WHAT YOU HAVE TO DO: Line by line, give the data again exactly as it appears, but without pictures.

--- EXTRACTED RECORDS ---

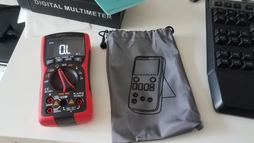 До Питера дошла посылка за 5 дней, курьером до двери! Мультик отличный! При прозвонке диодов (этот же режим и прозвонки), дополнительно пищалке, светит красный светодиод в верхней части корпуса. Прозвонка откликается мгновенно! Скорость переключения кратности сопротивления в АВТО режиме, чуть ниже UNI-T 61E. Есть неточность в описании: батарейки не АА, а ААА! И чехол, не коробка матерчатая а пакетик матерчатый. Жаль, что пакет мягкий, придётся докупать отдельно жёсткий бокс. В целом, продавца и мультик всем советую!
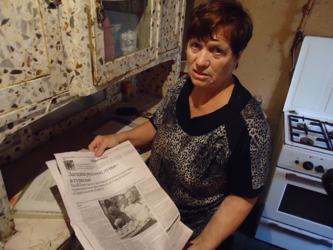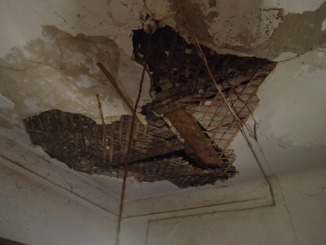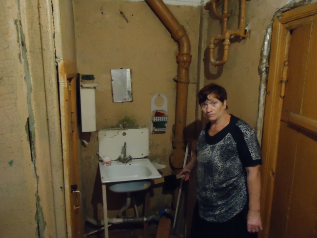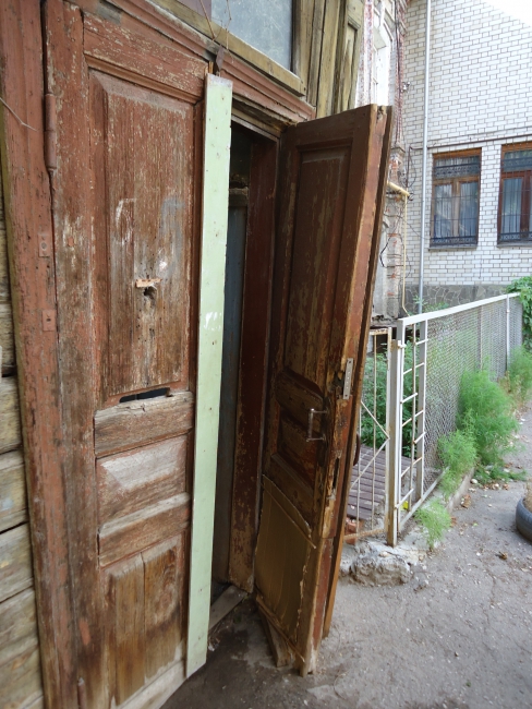 Первое, что бросается в глаза: входная дверь открывается строго на 45 градусов - дальше мешает асфальт. Изнутри помещение запирается палкой, вставленной в дверную ручку. Галина Богданова, одна из жительниц первого этажа, регулярно обращается в администрацию Саратова, однако, по ее словам, чиновники отвечают, что подобных заявлений на отселение из ветхого жилья у них более 800. Тем временем состояние потолков в кухне на первом этаже немногим отличается от того, что можно увидеть в общем коридоре. В марте этого года на голову пенсионерки упал тяжелый кусок штукатурки. Тогда дело закончилось госпитализацией Галины Васильевны в 1-ю Советскую больницу, сотрясением головного мозга и сломанной рукой.
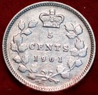 1891 Canada 5 Cents Queen Victoria Silver Coin Nice Details Better Grade
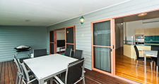 The open-plan, air-conditioned living area includes a flatscreen TV, complimentary Austar, a DVD player, corner lounge and a dining table for four people.
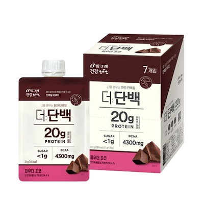 STAY WEEKの動画で紹介してくれたプロテインシェイク。ビングレはバナナウユの会社!あそこが作るタンパク質で、かつスンミンのおすすめなら味は間違いなさそう。韓国でよくあるこのタイプのシェイクはこのパウチに牛乳や水を注いで振るだけで飲めるので、すごく便利です🍫🥛
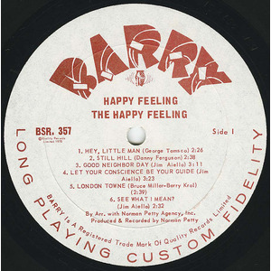 Formed in 1967 and led by singer/keyboardist Jim Aiello, the Happy Feeling issued their eponymous first single a couple of years later, and with lyrics like "Life is groovin' / Everything is movin'", the group`s soft-pop ambitions were plain for all to see. But that rather tepid song belies the better tracks hidden on this album, which was also pressed up on Avco Embassy south of the border. The bouncy 'Hey Little Man', issued as the second single, sports some fine acoustic guitarwork and sounds as if it could dress up the opening credits to some long-lost sixties flick. And 'Good Neighbor Day' should thrill all those pop-rock classicists with its sunny Beach Boys harmonies and that curiously optimistic naivete so common at the time.
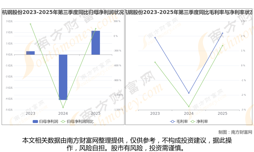 杭钢股份2025年第三季度季报显示,公司实现净利润2.15亿,同比增长152.36%;毛利润为3.48亿,毛利率2.2%。
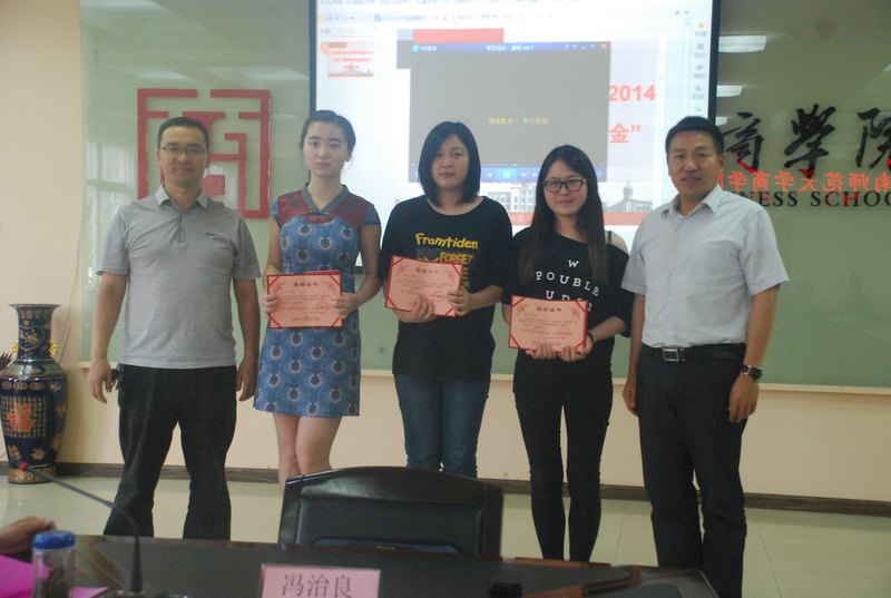 5月16日下午,商学院“昆明律政奖学金”2014年度颁奖典礼在慧宇楼102会议室隆重举行。昆明律政培训学校杜彦能校长,云南师范大学商学院王昆来校长、杜国海副院长,法学院冯治良院长、王雪副院长、谭艳书记等老师及法学院31名获奖学生参加了颁奖仪式。法学院院长冯治良教授主持了仪式。仪式上,王昆来校长首先宣读授奖决定。接着,律政学校杜彦能校长发言,他说从2012年11月份起,昆明律政培训学校与云南师范大学商学院法学院签订了合作协议,针对法学院英语过四六级的学生设立“昆明律政奖学金”,此项奖学金已发放两年,惠及70多名学生,充分表明了律政学校和法学院对同学们的关心和支持。同时他希望同学们能更加努力学习,全面发展,将来为学校、社会发展做出贡献。云南师范大学商学院杜副校长也发表讲话。他指出,此项奖学金的设立和发放充分体现了法学院“以学生为中心”的理念,为学校培养具有国际视野的高素质法律人才注入了全新动力,也体现了律政学校为学生服务、为社会服务,积极承担社会责任的办学理念。促进了法学院多元激励机制的形成,也让法学院广大学生在学校温馨的帮助和关照下能更快更好的成长成才。接着,法学院获奖学生代表发表感言,对两校领导、老师们表示感谢,认为学院多元激励机制的建立不仅给同学们带来了生活上的帮助,还从精神上给予了巨大的激励。在谈了自己的学习经历和体会后,他表示会和广大同学一样更加努力学习,在人生道路上积极进取。随后,法学院王雪副院长发表讲话,她说目前全国法学专业学生多达60多万,社会对法学人才需求较大,但普遍存在学生就业难、企业招工难的问题,而法学院一直致力于解决这一难题,对学生培养不仅注重专业素质培养,更加注重结合社会需求来提升学生实践能力。学院设立多项奖学金建立全面完整的奖励制度为学生提供多方面的支持,希望广大学生珍惜学习机会,努力全面提升各方面实力,成为社会需要的卓越法律人才。 最后,律政学校杜校长、云南师范大学商学院王校长、杜副校长等领导为31名获奖学生颁发了奖状、奖金,所有参加仪式的师生在文渊楼前合影留念后,颁奖式在欢声笑语中圆满结束。

---

RESULT FOR THIS TASK:
 До Питера дошла посылка за 5 дней, курьером до двери! Мультик отличный! При прозвонке диодов (этот же режим и прозвонки), дополнительно пищалке, светит красный светодиод в верхней части корпуса. Прозвонка откликается мгновенно! Скорость переключения кратности сопротивления в АВТО режиме, чуть ниже UNI-T 61E. Есть неточность в описании: батарейки не АА, а ААА! И чехол, не коробка матерчатая а пакетик матерчатый. Жаль, что пакет мягкий, придётся докупать отдельно жёсткий бокс. В целом, продавца и мультик всем советую!
 Первое, что бросается в глаза: входная дверь открывается строго на 45 градусов - дальше мешает асфальт. Изнутри помещение запирается палкой, вставленной в дверную ручку. Галина Богданова, одна из жительниц первого этажа, регулярно обращается в администрацию Саратова, однако, по ее словам, чиновники отвечают, что подобных заявлений на отселение из ветхого жилья у них более 800. Тем временем состояние потолков в кухне на первом этаже немногим отличается от того, что можно увидеть в общем коридоре. В марте этого года на голову пенсионерки упал тяжелый кусок штукатурки. Тогда дело закончилось госпитализацией Галины Васильевны в 1-ю Советскую больницу, сотрясением головного мозга и сломанной рукой.
 1891 Canada 5 Cents Queen Victoria Silver Coin Nice Details Better Grade
 The open-plan, air-conditioned living area includes a flatscreen TV, complimentary Austar, a DVD player, corner lounge and a dining table for four people.
 STAY WEEKの動画で紹介してくれたプロテインシェイク。ビングレはバナナウユの会社!あそこが作るタンパク質で、かつスンミンのおすすめなら味は間違いなさそう。韓国でよくあるこのタイプのシェイクはこのパウチに牛乳や水を注いで振るだけで飲めるので、すごく便利です🍫🥛
 Formed in 1967 and led by singer/keyboardist Jim Aiello, the Happy Feeling issued their eponymous first single a couple of years later, and with lyrics like "Life is groovin' / Everything is movin'", the group`s soft-pop ambitions were plain for all to see. But that rather tepid song belies the better tracks hidden on this album, which was also pressed up on Avco Embassy south of the border. The bouncy 'Hey Little Man', issued as the second single, sports some fine acoustic guitarwork and sounds as if it could dress up the opening credits to some long-lost sixties flick. And 'Good Neighbor Day' should thrill all those pop-rock classicists with its sunny Beach Boys harmonies and that curiously optimistic naivete so common at the time.
 杭钢股份2025年第三季度季报显示,公司实现净利润2.15亿,同比增长152.36%;毛利润为3.48亿,毛利率2.2%。
 5月16日下午,商学院“昆明律政奖学金”2014年度颁奖典礼在慧宇楼102会议室隆重举行。昆明律政培训学校杜彦能校长,云南师范大学商学院王昆来校长、杜国海副院长,法学院冯治良院长、王雪副院长、谭艳书记等老师及法学院31名获奖学生参加了颁奖仪式。法学院院长冯治良教授主持了仪式。仪式上,王昆来校长首先宣读授奖决定。接着,律政学校杜彦能校长发言,他说从2012年11月份起,昆明律政培训学校与云南师范大学商学院法学院签订了合作协议,针对法学院英语过四六级的学生设立“昆明律政奖学金”,此项奖学金已发放两年,惠及70多名学生,充分表明了律政学校和法学院对同学们的关心和支持。同时他希望同学们能更加努力学习,全面发展,将来为学校、社会发展做出贡献。云南师范大学商学院杜副校长也发表讲话。他指出,此项奖学金的设立和发放充分体现了法学院“以学生为中心”的理念,为学校培养具有国际视野的高素质法律人才注入了全新动力,也体现了律政学校为学生服务、为社会服务,积极承担社会责任的办学理念。促进了法学院多元激励机制的形成,也让法学院广大学生在学校温馨的帮助和关照下能更快更好的成长成才。接着,法学院获奖学生代表发表感言,对两校领导、老师们表示感谢,认为学院多元激励机制的建立不仅给同学们带来了生活上的帮助,还从精神上给予了巨大的激励。在谈了自己的学习经历和体会后,他表示会和广大同学一样更加努力学习,在人生道路上积极进取。随后,法学院王雪副院长发表讲话,她说目前全国法学专业学生多达60多万,社会对法学人才需求较大,但普遍存在学生就业难、企业招工难的问题,而法学院一直致力于解决这一难题,对学生培养不仅注重专业素质培养,更加注重结合社会需求来提升学生实践能力。学院设立多项奖学金建立全面完整的奖励制度为学生提供多方面的支持,希望广大学生珍惜学习机会,努力全面提升各方面实力,成为社会需要的卓越法律人才。 最后,律政学校杜校长、云南师范大学商学院王校长、杜副校长等领导为31名获奖学生颁发了奖状、奖金,所有参加仪式的师生在文渊楼前合影留念后,颁奖式在欢声笑语中圆满结束。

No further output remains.